Guyana’s sugar industry, with its restructuring and massive diversification in place, will be deeply affected with an estimated loss in the reduction of revenue reaching US$35M per annum.

The Sugar Association of the Caribbean and other major stakeholders strongly condemn these proposals and said that the proposals to change the European Union (EU) sugar regime without regard for the real needs of the Caribbean and other ACP countries is in clear contravention of the EU’s commitments under the Cotonou Agreement to safeguard the benefits of the Sugar Protocol.

According to Mr. Ian Mc Donald, Chief Executive Officer of the Sugar Association of the Caribbean, “The most unacceptable element is the proposal to introduce a 20 per cent price reduction in 2005 and reaching 33 per cent within two years.

“This cuts right across the reassuring guarantees given by the EU that any changes would be gradual and designed to avoid severe disruption to ACP economies.”

He added that what seems to be very wrong is that the proposals talk a lot about how the EU sugar producers will be affected by these reductions and what should be done to compensate them.

Mr. McDonald said that all that is being proposed as compensation for the region is some sort of scheme, which has failed in the past on other commodities. This, he argued, is wholly unacceptable and must be strongly challenged.

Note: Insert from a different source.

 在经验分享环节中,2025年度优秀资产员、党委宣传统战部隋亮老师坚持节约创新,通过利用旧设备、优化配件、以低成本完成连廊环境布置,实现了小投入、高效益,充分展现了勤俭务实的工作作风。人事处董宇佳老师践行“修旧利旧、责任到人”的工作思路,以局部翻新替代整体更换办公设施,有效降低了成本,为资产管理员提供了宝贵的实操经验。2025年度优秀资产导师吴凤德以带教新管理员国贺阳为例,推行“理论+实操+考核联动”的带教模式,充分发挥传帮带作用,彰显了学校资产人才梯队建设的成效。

“One of the things that I find very outrageous is that it seems to me that the European Union is showing extremely bad faith with these proposals.”

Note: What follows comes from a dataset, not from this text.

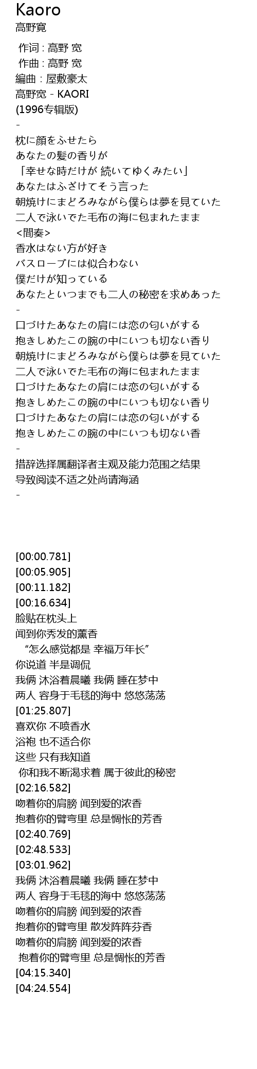 | [03:53.679] | 口づけたあなたの肩には恋の匂いがする |

In the Cotonou Agreement signed between the EU and the ACP countries, in clause 36:4, it is clearly stated that Sugar Protocol has a legal status of its own and in reviewing the Protocol, the EU will do so with a view to safeguard the benefits.



“But here we have proposals which far from safeguarding the benefits of the Sugar Protocol, affects most seriously the benefits of price. The EU has always said that it supports the development needs of vulnerable countries like ours in trade negotiations and yet, here we have something that goes very much against development.

“It’s going to be such a severe blow to one of the biggest agricultural industry, which accounts for the livelihood of probably three quarters of a million people in the Caribbean.”

What is being done to press a strong rejection of these proposals? “At the industry level we are in close touch with our Caribbean counterparts and with the colleagues in the ACP region to register our outrage at these proposals.”

Governments across the region are fully involved, and the matter will be discussed at the COTED meeting in Grenada on Friday, and then forwarded to the upcoming Heads of Government Meeting. The severity of the issue will also engage the attention of the Director General of the Regional Negotiating Machinery (RNM).

Mr. McDonald said that he is quite sure that the governments along with the RNM will strongly defend their case. He questioned where the EU is going with these proposals, whether it is just a kite flying exercise to see how people would react, or is it really serious.

“We have to see how the European producers react to these proposals, because many of the 25 countries in the European might very well reject the proposals, and if the ACP region lobbies with these producers, then ultimately the EU will have to re-consider them”.

But why did the EU make such a move? According to McDonald, the EU had said quite a long time ago that sugar forms part of their Common Agriculture Policy Reform and needed to be put in line with the other commodities.

He added that a tremendous amount of pressure to change the sugar regime results from the feeling that the price for ACP sugar is much too high compared to the world price for sugar. Many people are carried away, he said, since the world price is a dump price and completely artificial”.

The Sugar Association of the Caribbean contends that these proposals give priority to the demand of huge, rich, corporate industrial users of sugar for lower prices and ignore the needs of developing countries for stable and remunerative income.